As the discussion phase is approaching its end, we would like to kindly confirm whether our responses have addressed your concerns (or at least part of them). If there are still any aspects you feel require clarification, we would be more than happy to provide further details. Otherwise, we hope our clarifications have resolved the outstanding issues and would be grateful if you could kindly consider this in your final evaluation.
We sincerely appreciate your time and constructive comments throughout this review process.
Warm regards,
Dear Reviewer Qdek,
This is a reminder that, according to this year's new NeurIPS policy, Reviewers must participate in discussions with authors before submitting the “Mandatory Acknowledgement”.

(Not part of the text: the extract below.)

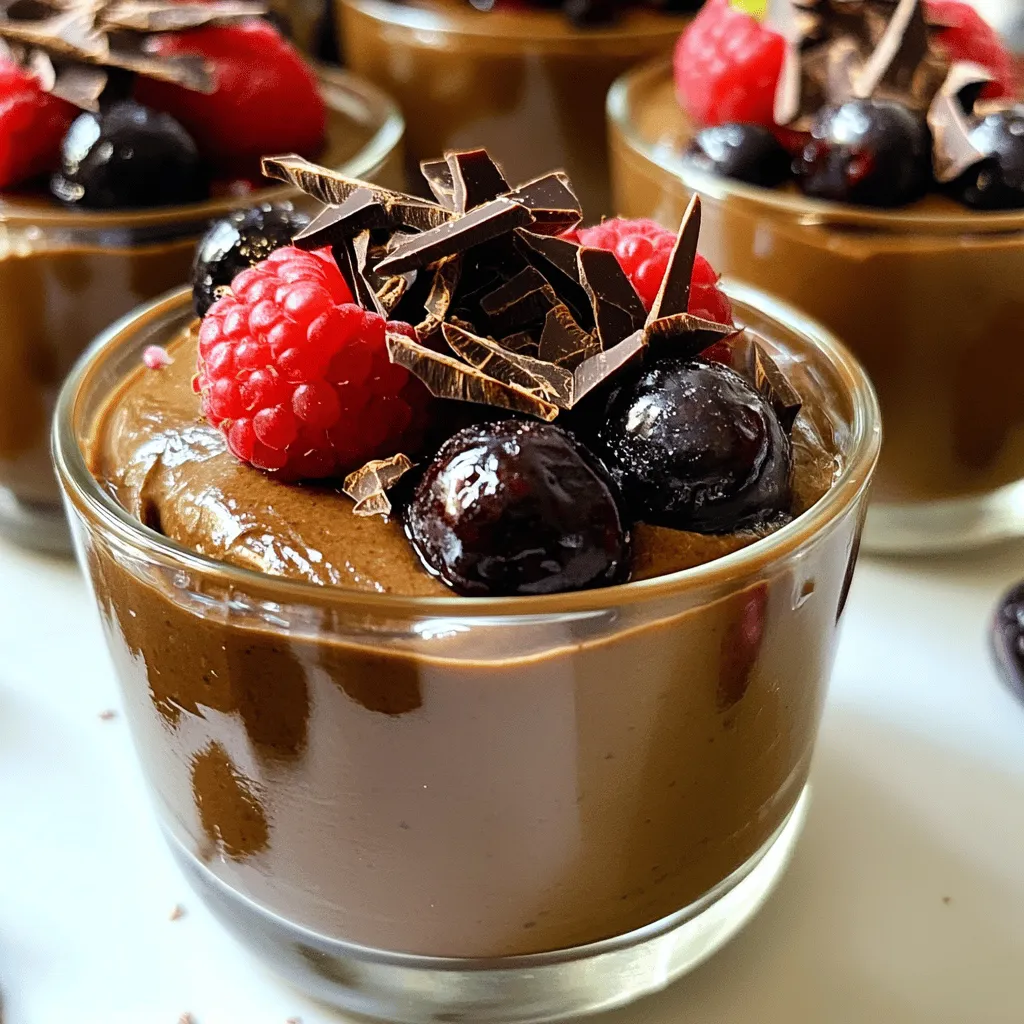 Transfer the mousse into dessert cups or bowls. Chill in the fridge for at least 30 minutes. This helps the flavors meld together. Before serving, consider topping it with shaved dark chocolate, fresh berries, or chopped nuts. These add great texture and look beautiful. Enjoy this treat knowing it’s both tasty and healthy!

Could you please leave any feedback for the authors? If you don’t have any additional questions and if your concerns have been addressed, please update your ratings or final justification accordingly. If you are not willing to update your ratings, please explain in your final justification why concerns are still not addressed.
Best,
AC
The authors propose StreamBridge, a framework to convert offline Video-LLMs into streaming-capable models and Stream-IT, a large-scale dataset for streaming video understanding. The contributions of this paper include:
- Adapting offline Video-LLMs to real-time streaming scenarios is an important research redirection with broad applications.
- The authors propose a StreamBridge pipeline based on a memory buffer and a decoupled activation model, which is simple yet powerful on various streaming video understanding benchmarks.
- The collected StreamingQA-120K dataset is beneficial for the research community for training streaming models.
Below are some of the salient discussion points during the reviewer-author discussion period:
- Reviewers have concerns about the generalization ability of the activation model, since the activation model is trained on specific data. The authors provide additional results on the NExT-GQA benchmark to demonstrate that the activation model generalizes well.
- Since the topic of this paper is about streaming video understanding, the authors provide additional metrics (e.g., latency) to demonstrate the computational efficiency.
- Reviewers have concerns that the authors miss some relevant related work (Reviewer ioHp Q5). The authors promise to add the discussion of these papers in the revised version.
- The authors provide more implementation details and ablation studies of StreamBridge to address the reviewers' concerns.
Overall, the reviews have been positive, and after rebuttal, all reviewers recommend acceptance, acknowledging that it fills an important gap in the streaming video understanding. The authors are encouraged to incorporate these discussions (related works, implementation details) in the final version.